*** Opening GIVEN DATA ***
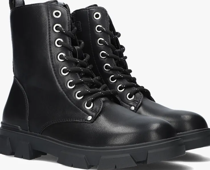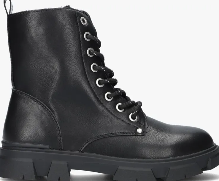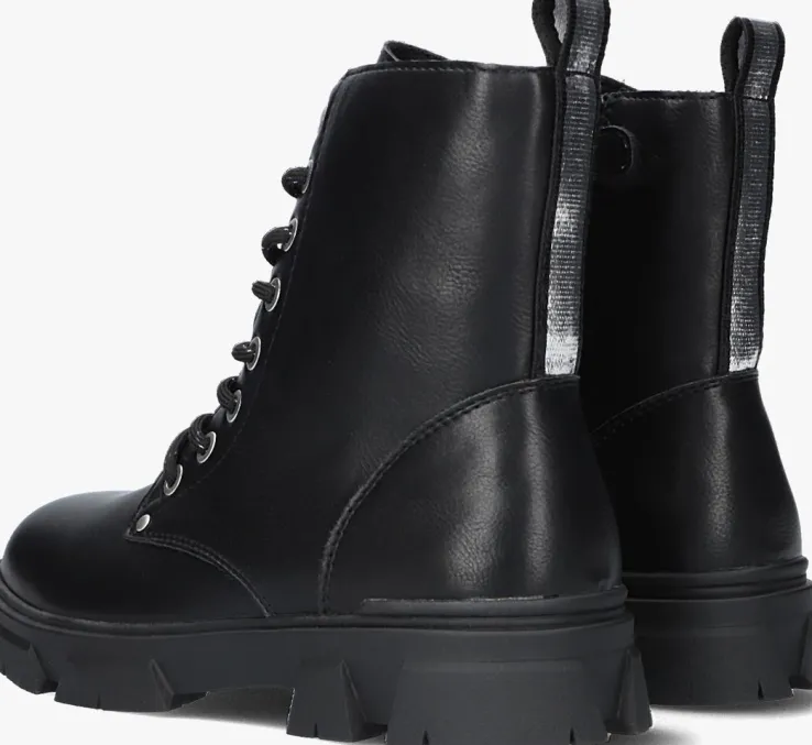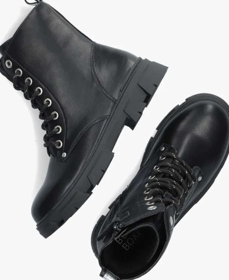 Deze gave veterboot AAF504 voor stoere meiden komt uit de collectie van het merk BULLBOXER. Dit item is gemaakt van zwart lederlook en heeft toffe details, zoals het zilverkleurige hiellusje, de zilverkleurige draad in de veters, de merkstud op de voorvoet en de grove zool. De schoen heeft een vast voetbed en het binnenwerk is gemaakt van lederlook. De chunky zool creëert een stoere look, terwijl hij tegelijkertijd voor veel grip en stabiliteit zorgt. Daarnaast schiet je de schoen snel en eenvoudig aan dankzij de handige ritssluiting aan de zijkant. De schachthoogte is 14 centimeter, gemeten bij maat 35.
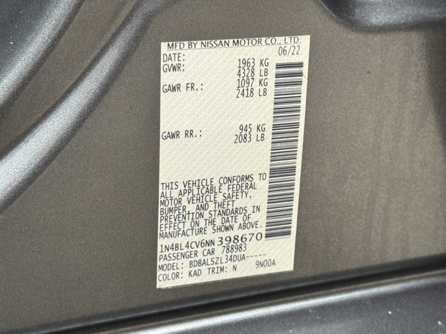 27/37 City/Highway MPG CARFAX One-Owner. Clean CARFAX. Gun Metallic 2022 Nissan Altima 2.5 SR FWD The Miracle Advantage: This Vehicle qualifies for Complimentary 7 YEAR 250,000 MILE LIMITED POWER TRAIN WARRANTY. HUGE VALUE!
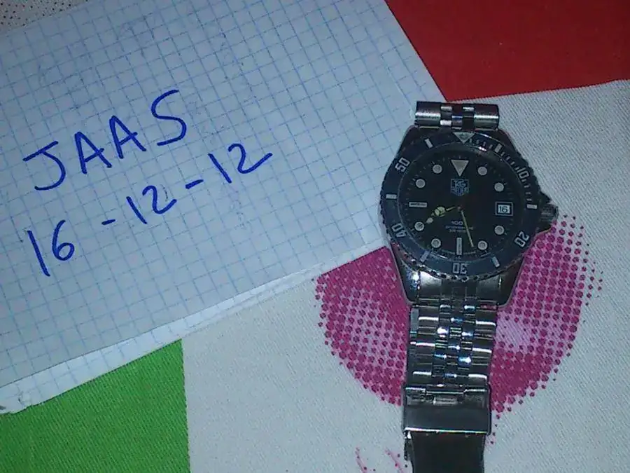 VENDO RELOJ TAG HEUER DIVER 200 mt DE LA SERIE 1000, EL RELOJ ESTA EN BUENAS CONDICIONES, EL BISEL TIENE ALGUNAS MARCAS. UN DEFECTO QUE TIENE ES QUE CUANDO LLEGA AL DIA 22 NO CAMBIA DE FECHA AUTOMATICO PERO LA HACEMOS MANUAL Y YA TODO CORRECTO.
*** Closing GIVEN DATA ***
From the line containing "27/37 City/Highway MPG" down to the final line of the material, restate every line word for word, and only those; drop the pictures.

 27/37 City/Highway MPG CARFAX One-Owner. Clean CARFAX. Gun Metallic 2022 Nissan Altima 2.5 SR FWD The Miracle Advantage: This Vehicle qualifies for Complimentary 7 YEAR 250,000 MILE LIMITED POWER TRAIN WARRANTY. HUGE VALUE!
 VENDO RELOJ TAG HEUER DIVER 200 mt DE LA SERIE 1000, EL RELOJ ESTA EN BUENAS CONDICIONES, EL BISEL TIENE ALGUNAS MARCAS. UN DEFECTO QUE TIENE ES QUE CUANDO LLEGA AL DIA 22 NO CAMBIA DE FECHA AUTOMATICO PERO LA HACEMOS MANUAL Y YA TODO CORRECTO.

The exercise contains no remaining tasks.